Como ouvimos com frequência palavras cheias de comiseração saídas dos próprios lábios divinos, o ensinamento do Evangelho deste 20° Domingo do Tempo Comum pode causar-nos certa perplexidade por não se coadunar, à primeira vista, com o modo de proceder de Nosso Senhor consignado em outras passagens. Haveria, portanto, uma contradição no ministério de Jesus?
Ou suas palavras sobre o fogo, a divisão e o rompimento dos laços familiares contêm uma profundidade que exige uma análise mais acurada? O texto proposto pela Liturgia deste domingo oferece uma privilegiada oportunidade de compreendermos a verdadeira amplitude da perfeitíssima pregação de Cristo e os seus desdobramentos para a vida de cada um de nós.
UM NOVO FOGO É TRAZIDO  TERRA
Naquele tempo disse Jesus aos seus discípulos:  “Eu vim para lançar fogo sobre a Terra, e como gostaria que já estivesse aceso!”
Ousada é a afirmação do versículo inicial, no qual Nosso Senhor de- - ‘ clara ter assumido a Encarnação com a finalidade de propagar um fogo, sendo tão veemente o seu desejo de vê-lo arder que aguarda com ansiedade a chegada de tal momento. Deveríamos entender tal afirmação num sentido estrito? Teria Ele vindo como uma tocha chamejante, para percorrer todos os quadrantes a fim de produzir um incêndio universal? E evidente que não.

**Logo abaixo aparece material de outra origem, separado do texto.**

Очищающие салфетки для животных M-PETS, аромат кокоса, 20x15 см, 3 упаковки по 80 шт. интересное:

Por outro lado, sabemos que a figura do fogo aparece na Escritura com diversos significados, na maioria das vezes com uma conotação punitiva. No episódio em que uma labareda saída de junto do Senhor devorou os duzentos e cinquenta que tinham se revoltado contra Moisés, tão eficaz foi o efeito produzido que não restaram sequer indícios dos difamadores (cf. Edo 45, 22-24; Num 16, 35). Com um propósito semelhante Elias fez descer fogo do Céu sobre dois capitães, cada qual em companhia de cinquenta soldados, todos imediatamente incinerados (cf. II Re 1, 9-12). 0 Apocalipse prenuncia o fogo que deve ser lançado à Terra na conflagração final para purificá-la (cf. Ap 20, 9-10). Além disso, as menções às penas infernais sempre são acompanhadas pela imagem de um incêndio peculiar, criado por Deus para este fim, cuja energia é Ele próprio, um fogo inteligente que não se apaga.1
Ora, o contexto deste Evangelho denota que o Salvador não alude às passagens antigas já conhecidas pelo público ao qual pregava, nem se refere às chamas do inferno. Suas palavras, envoltas em ar de mistério, versam sobre um fogo novo, preconizado apenas pela pregação de São João Batista.

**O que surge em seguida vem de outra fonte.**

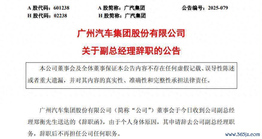 本年9月,广汽集团发布公告,秘书严壮立因“个东说念主原因”辞去所有职务,且下野后不再担任公司任何职务,其原定任期到期日为2025年12月31日。
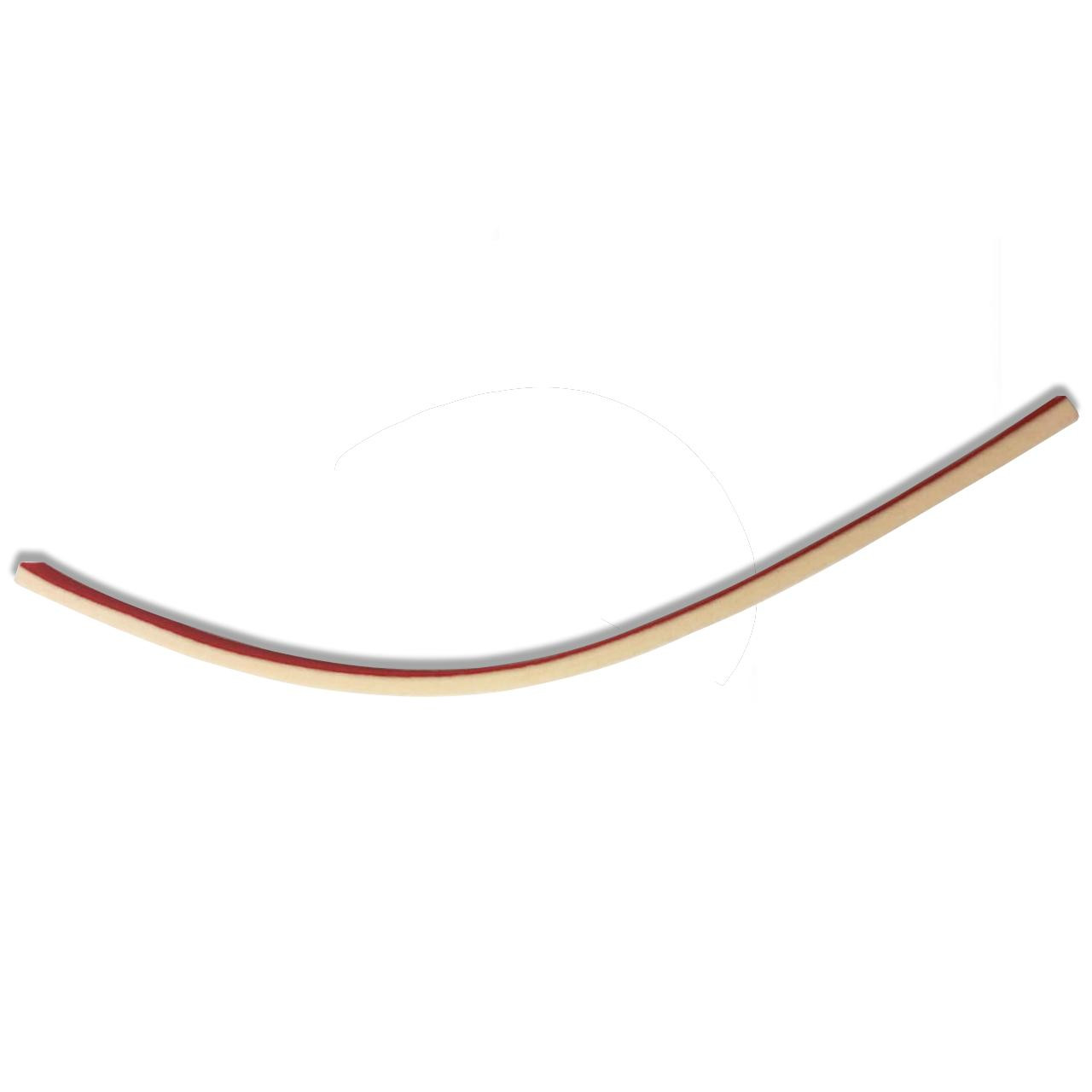 Replacement damper felt for treble section of grand pianos. Soft white felt with red backing that is not creased. Strip is 3/8" thick and 19" long. The width tapers from 7/8" to 5/8".

A humanidade necessitava de uma purificação
À multidão comprimida, ávida por saber se estava ou não diante do Messias, declarou o Precursor em tom solene: “Eu vos batizo na água, mas eis que vem outro mais poderoso do que eu, a quem não sou digno de desatar a correia das sandálias; ele vos batizará no Espírito Santo e no fogo” (Le 3, 16). Era o anúncio do batismo sacramental, incomparavelmente mais profundo, eficaz e perfeito que o de penitência, e acompanhado por um fogo renovador.

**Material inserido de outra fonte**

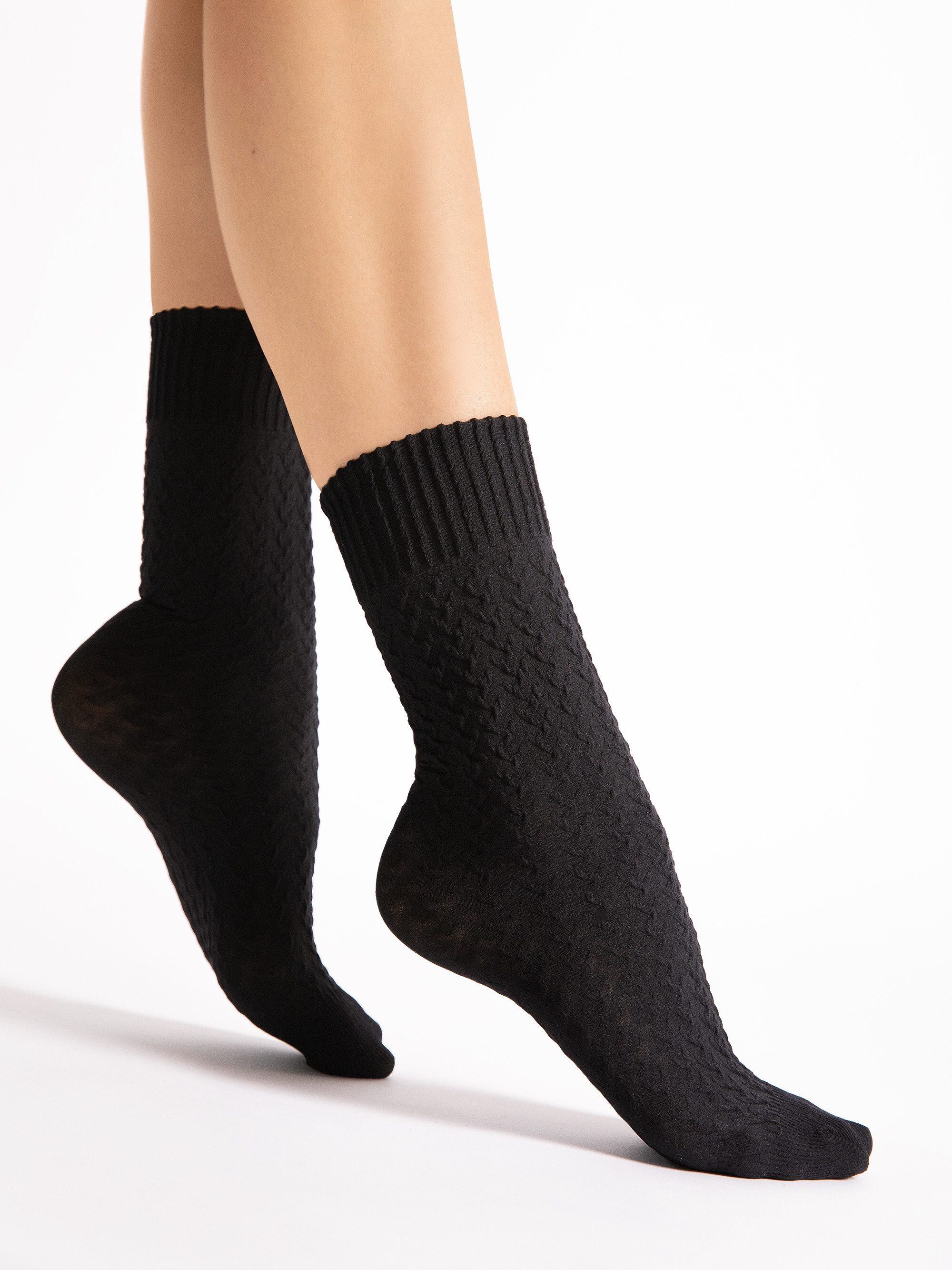 These 60 denier socks with cable pattern are not only beautifully designed but also exceptionally comfortable. They fit perfectly and provide a pleasant feeling of softness and warmth. These socks are perfect for both everyday wear and more formal occasions. They're also versatile enough to be worn with a variety of footwear. Pair them with your favorite boots, loafers, or even dress shoes to add elegance and sophistication to your outfit.

De fato, antes do advento de Nosso Senhor, a humanidade estava pervadida e maculada pelos efeitos do pecado original, tendo se tornado verdadeira escrava das paixões desordenadas. Ao longo dos séculos, houve um paulatino enraizamento dessas más tendências com todas as lamentáveis consequências registradas pela História, fazendo-se indispensável uma purificação. Como operar a santificação da sociedade em tais circunstâncias? Pelas vias normais do esforço ou pela prática de uma virtude natural não se atinge tão elevado objetivo; fazia-se imprescindível um fator determinante originado por iniciativa divina, uma vez que o homem não tinha meios de vencer sua própria maldade, sendo este o magnífico remédio que o Redentor nos viera trazer.
O fogo do amor divino
Através da união da natureza humana com a divina em uma só Pessoa, e pelos méritos infinitos da Encarnação, Paixão, Morte e Ressurreição de Nosso Senhor Jesus Cristo, desceu à Terra um fogo capaz de purificar o pântano no qual os homens estavam atolados: “Jesus veio do Céu à Terra para pôr fogo nas almas a fim de depurá-las, queimar suas escórias e torná-las pura prata e ouro diante de Deus: é o fogo da santidade, da caridade; é todo o sistema de santificação que Jesus trouxe ao mundo”.2 Com a Redenção, fomos elevados a um patamar espiritual inimaginável, pois foi-nos aberta a possibilidade de sermos agradáveis a Deus e partícipes de sua própria divindade. Conclamados a assumir a mesma perfeição do Pai Celeste (cf. Mt 5, 48), recebemos para isso a efusão do amor de Cristo que acrisola nosso próprio amor, torna-o meritório e fecundo, além de nos oferecer a possibilidade de vencermos o pecado, que embora ainda lance seu aguilhão já não impera mais. A medida que os homens se deixam penetrar pelo fogo da caridade, os obstáculos aos ditames da graça vão sendo transpostos, porque nada pode deter a marcha daqueles que amam. Quem se entrega por inteiro ao amor sobrenatural torna-se capaz de realizar prodígios, tal como fizeram os grandes heróis da Fé.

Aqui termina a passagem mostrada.